From the line with "Plug in your" to the line with "次に実際にコンビニに持ち込ん", retype every line exactly, including those two, and leave out the rest of the data below.

== RECORDS FOR THIS TASK ==

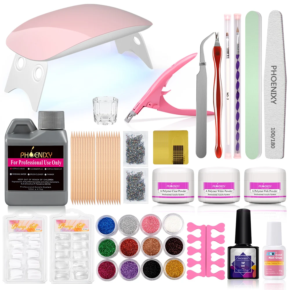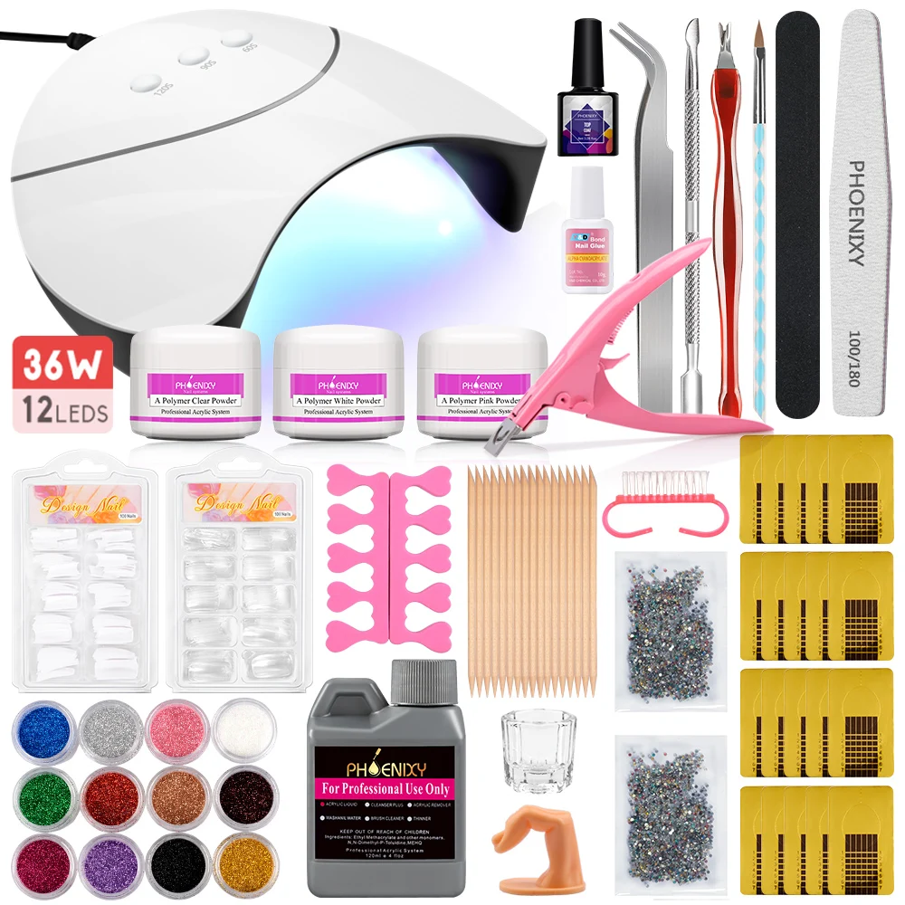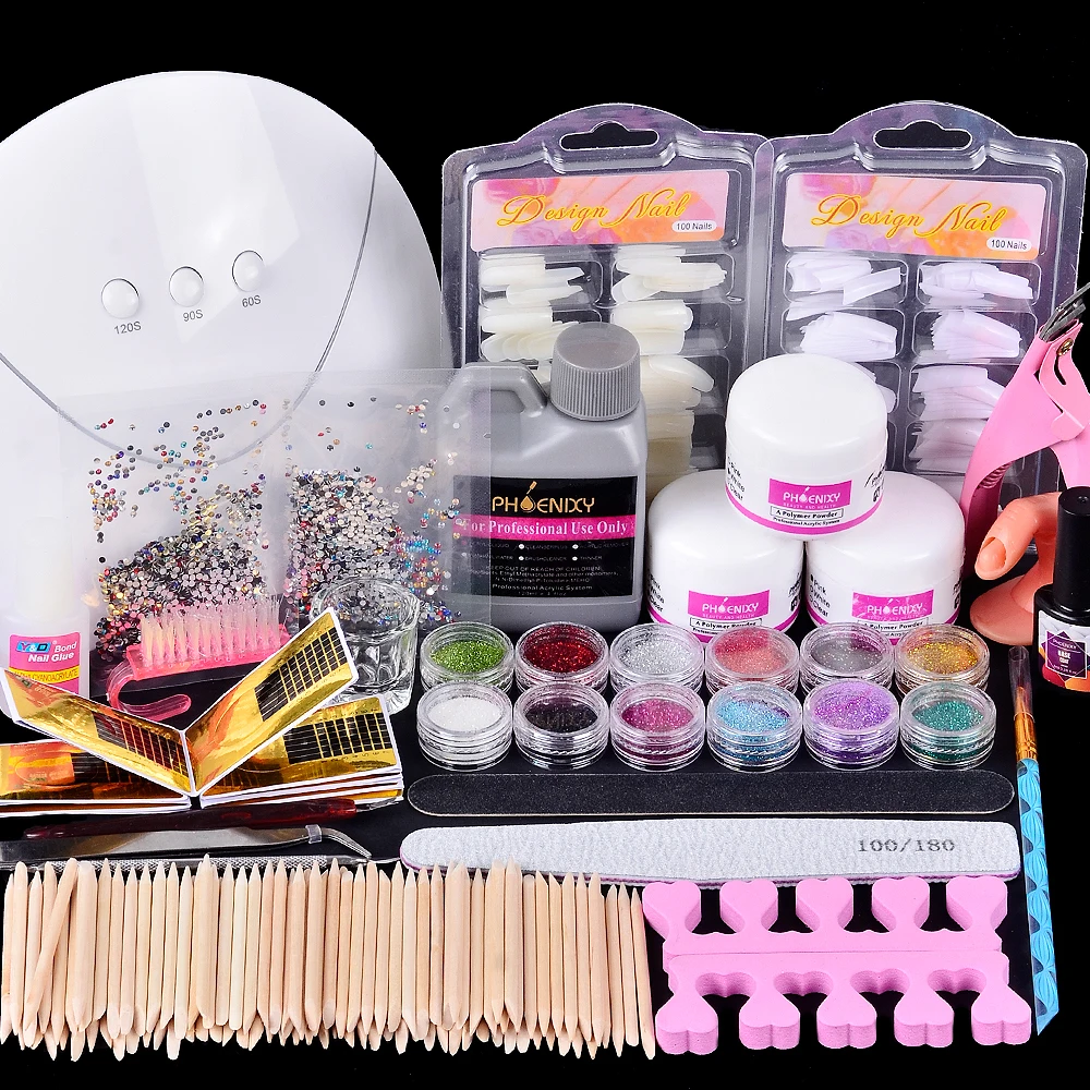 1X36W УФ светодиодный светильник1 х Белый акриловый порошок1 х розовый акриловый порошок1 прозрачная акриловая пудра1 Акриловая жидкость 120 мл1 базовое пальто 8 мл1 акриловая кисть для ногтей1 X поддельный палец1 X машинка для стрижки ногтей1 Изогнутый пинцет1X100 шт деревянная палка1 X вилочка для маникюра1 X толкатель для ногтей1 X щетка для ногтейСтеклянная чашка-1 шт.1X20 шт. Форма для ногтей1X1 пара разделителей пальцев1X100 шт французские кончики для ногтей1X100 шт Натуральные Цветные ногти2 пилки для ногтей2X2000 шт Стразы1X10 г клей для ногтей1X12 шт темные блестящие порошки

===
== RECORDS FOR THIS TASK ==

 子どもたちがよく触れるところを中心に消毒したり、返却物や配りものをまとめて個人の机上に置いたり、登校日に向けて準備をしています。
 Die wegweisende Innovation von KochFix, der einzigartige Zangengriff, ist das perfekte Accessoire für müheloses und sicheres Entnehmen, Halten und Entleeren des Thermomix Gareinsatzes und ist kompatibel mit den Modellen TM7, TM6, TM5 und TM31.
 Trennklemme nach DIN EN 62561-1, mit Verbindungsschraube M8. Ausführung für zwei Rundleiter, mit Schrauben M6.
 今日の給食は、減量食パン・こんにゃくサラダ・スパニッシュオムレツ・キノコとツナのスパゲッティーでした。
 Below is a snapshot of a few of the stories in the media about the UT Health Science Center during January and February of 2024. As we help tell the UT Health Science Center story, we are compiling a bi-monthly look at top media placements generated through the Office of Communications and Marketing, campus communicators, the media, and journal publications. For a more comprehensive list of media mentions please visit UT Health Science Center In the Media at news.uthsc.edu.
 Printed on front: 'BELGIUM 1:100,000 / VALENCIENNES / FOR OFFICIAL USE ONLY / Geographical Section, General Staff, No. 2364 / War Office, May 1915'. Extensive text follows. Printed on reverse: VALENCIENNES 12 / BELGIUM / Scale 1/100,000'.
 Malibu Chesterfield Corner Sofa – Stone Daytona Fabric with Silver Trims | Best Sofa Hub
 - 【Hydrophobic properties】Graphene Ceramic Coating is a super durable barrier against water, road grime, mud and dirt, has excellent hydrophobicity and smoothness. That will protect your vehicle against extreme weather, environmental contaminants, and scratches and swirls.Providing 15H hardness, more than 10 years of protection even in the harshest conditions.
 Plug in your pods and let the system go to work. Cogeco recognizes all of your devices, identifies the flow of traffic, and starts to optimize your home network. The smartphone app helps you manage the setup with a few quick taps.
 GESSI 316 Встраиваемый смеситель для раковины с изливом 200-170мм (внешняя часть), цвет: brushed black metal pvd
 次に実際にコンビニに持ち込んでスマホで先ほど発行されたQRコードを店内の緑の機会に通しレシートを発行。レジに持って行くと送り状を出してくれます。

===
== RECORDS FOR THIS TASK ==

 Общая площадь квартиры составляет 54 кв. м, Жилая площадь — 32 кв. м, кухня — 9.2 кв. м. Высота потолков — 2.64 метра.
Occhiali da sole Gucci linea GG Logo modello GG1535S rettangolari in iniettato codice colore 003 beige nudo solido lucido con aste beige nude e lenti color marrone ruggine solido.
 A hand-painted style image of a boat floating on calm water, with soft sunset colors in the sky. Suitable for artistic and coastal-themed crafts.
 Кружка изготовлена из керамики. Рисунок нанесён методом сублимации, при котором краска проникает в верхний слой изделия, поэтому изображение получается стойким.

===

ANSWER SPACE.
 Plug in your pods and let the system go to work. Cogeco recognizes all of your devices, identifies the flow of traffic, and starts to optimize your home network. The smartphone app helps you manage the setup with a few quick taps.
 GESSI 316 Встраиваемый смеситель для раковины с изливом 200-170мм (внешняя часть), цвет: brushed black metal pvd
 次に実際にコンビニに持ち込んでスマホで先ほど発行されたQRコードを店内の緑の機会に通しレシートを発行。レジに持って行くと送り状を出してくれます。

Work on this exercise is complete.